The engine maintains a rolling 60-minute window over completed job runs and counts terminal failures:

failed_burst = COUNT(run)
               WHERE run.result_state IN ('FAILED', 'TIMEDOUT')
               AND   run.end_time >= (now - 60 minutes)

FIRE when failed_burst > 5

TIMEDOUT is grouped with FAILED because, from a pipeline-health perspective, a job that blew past its timeout is just as broken as one that threw an exception, and timeouts often appear in bursts when a shared cluster is saturated. CANCELED is excluded: a cancellation is a deliberate human action, not a failure, and including it would fire the alert every time someone aborts a stuck run. Counting happens at the run level, not the task level. A single workflow with twelve tasks that fails counts as 1, not 12. This is deliberate: the failure of one upstream task usually cascades to fail every downstream task in the same run, and counting tasks would make a single broken job look like a burst on its own. The burst signal is meant to catch many separate jobs failing, which is the fingerprint of a shared root cause. The window is evaluated every minute against the Jobs API. Because the API reports a run’s result_state only once the run reaches a terminal state, the alert is necessarily reactive: it fires after the failures land, not before. For predictive cost-runaway on jobs that are still alive, pair with Long-Running Jobs (>1h).

Worked example

A data engineering team runs a medallion architecture on Databricks feeding an ecommerce analytics layer: bronze ingestion jobs land raw order and product data, silver jobs clean and conform it, gold jobs build the marts that BI dashboards read. Snapshot taken on 14 Apr 26 at 03:40 BST, mid-nightly-batch.

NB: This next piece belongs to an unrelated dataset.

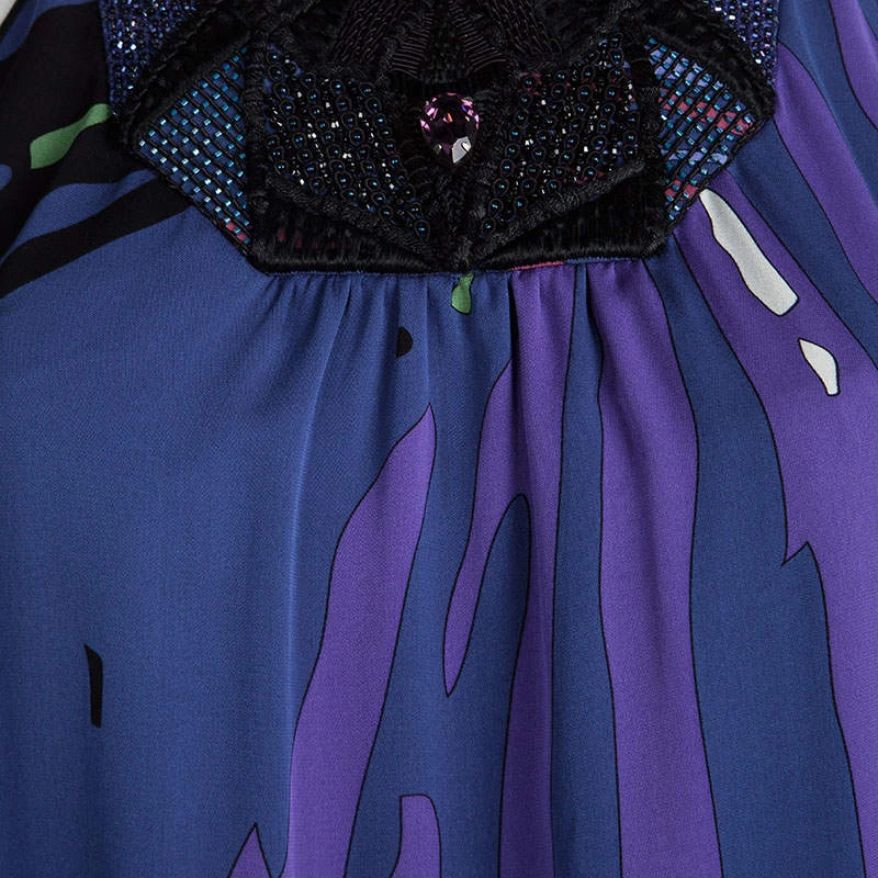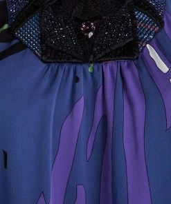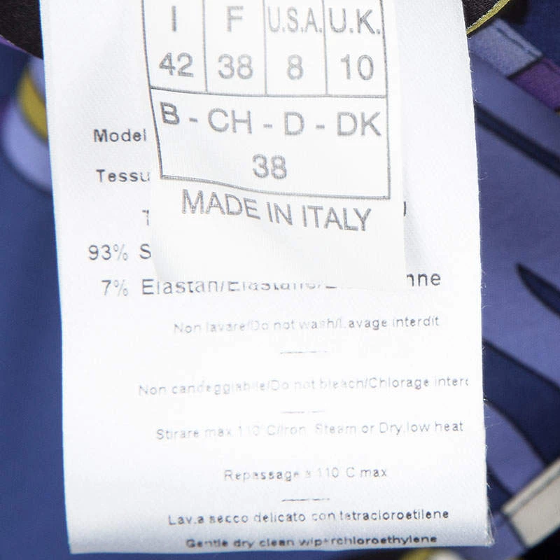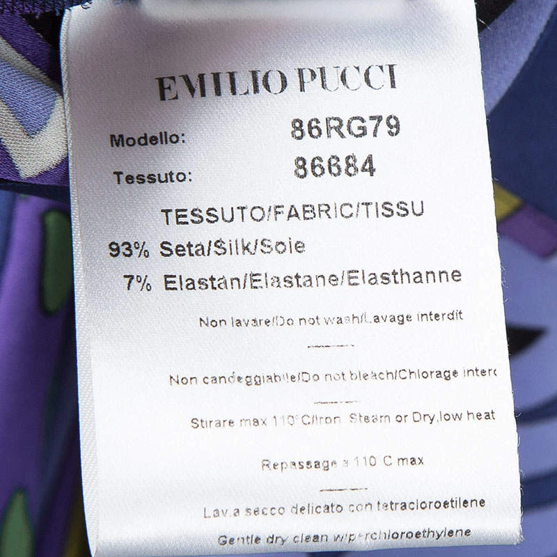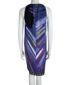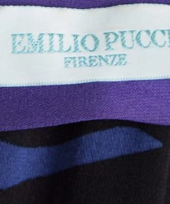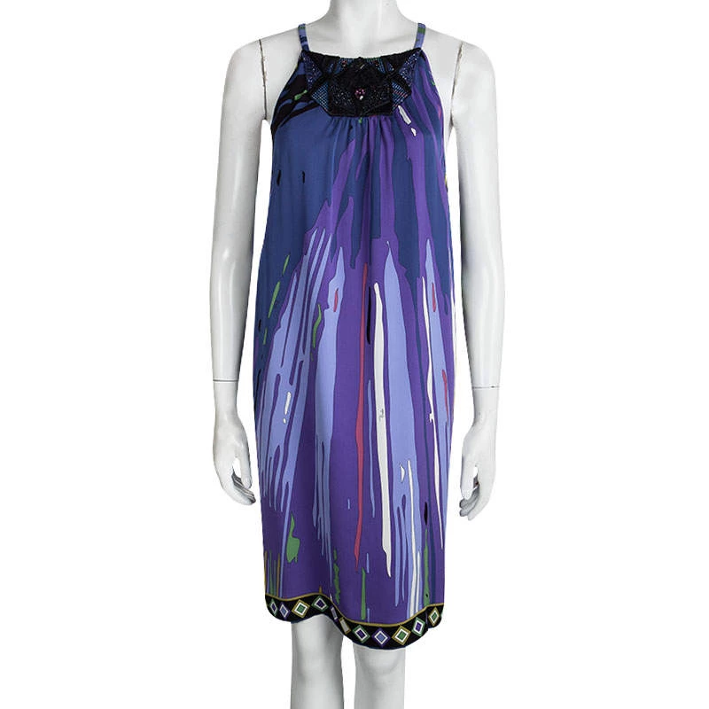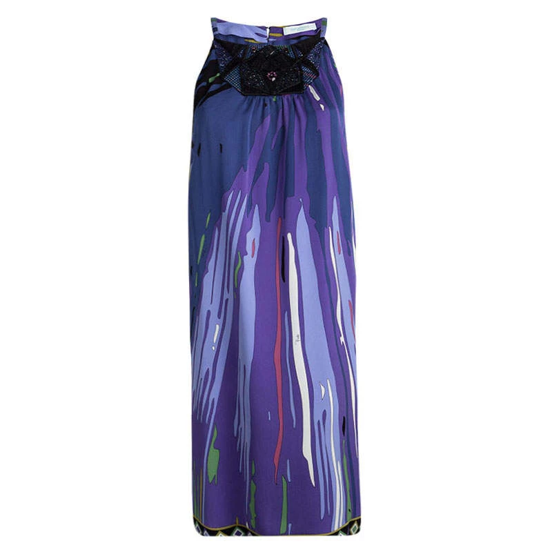 Sashay out like a diva in this Emilio Pucci dress that was created in Italy from silk and elastane. Designed with a halter neck over a gorgeous printed exterior, this purple dress is complete with stunning embellishments on the neck. Assemble the complete look with statement jewelry and strappy sandals.
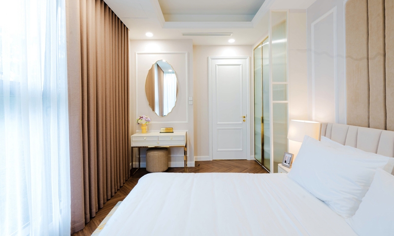 Rời không gian chung vào khu vực phòng ngủ, chủ nhân căn hộ sẽ được chào đón bởi không gian tươi mới, đầy sức sống nhờ hệ cửa kính chạm sàn giúp tăng diện tích đón ánh mặt trời. 100% phòng ngủ của các căn hộ tại Newtown Diamond có cửa sổ đón ánh sáng tự nhiên, góp phần giúp nâng cao sức khỏe và mang lại cảm giác tươi mới mỗi ngày cho chủ nhân căn hộ.

Time	Job	Layer	result_state	Likely cause
03:12	bronze-orders-ingest	Bronze	FAILED	Source schema added a non-null column
03:14	silver-orders-clean	Silver	FAILED	Upstream bronze table empty
03:15	silver-order-items	Silver	FAILED	Upstream bronze table empty
03:18	gold-revenue-mart	Gold	FAILED	Upstream silver missing
03:19	gold-customer-360	Gold	FAILED	Upstream silver missing
03:22	gold-inventory-snapshot	Gold	TIMEDOUT	Waited on missing silver, hit timeout

By 03:22 the rolling 1-hour count has reached 6 failed runs and the card escalates with the headline 6 job failures in 1h, cascade from bronze-orders-ingest. The on-call data engineer reads the burst correctly in seconds: this is not six problems, it is one problem (the bronze ingest broke) cascading down the medallion. The triage playbook the burst enables:

Read the burst, not the individual failures. The timestamps cluster tightly (03:12 to 03:22) and the dependency chain is obvious: bronze failed first, everything downstream failed because its input was missing. The root cause is the 03:12 failure; the other five are collateral.
Find the trigger. The bronze job log shows a schema-evolution error: the source system added a loyalty_tier column declared NOT NULL, and the ingest job’s strict schema rejected it. A one-line fix (enable schema evolution or add the column to the target) unblocks the whole chain.
Decide on the rerun order. Fixing and rerunning bronze first, then triggering the downstream jobs in dependency order, is far cheaper than blindly rerunning all six and watching the downstream ones fail again on still-missing data.
Quantify the blast radius. Top 10 Failing Workflows (7d) confirms whether this is a first-time break or a recurring fragility, and Pipeline Lag (since last success) shows how stale the gold marts now are for the morning’s dashboards.

Why the burst framing saves time:
  - Naive reading: "6 jobs failed, open 6 tickets, debug 6 stack traces."
  - Burst reading: "1 root cause at 03:12, 5 downstream casualties.
    Fix 1, rerun in order, done."
  - The cascade structure is the diagnosis. A burst that all points
    back to one upstream job is a dependency cascade; a burst of
    unrelated jobs failing at once is usually shared infrastructure
    (a cluster pool, a credential, a metastore outage).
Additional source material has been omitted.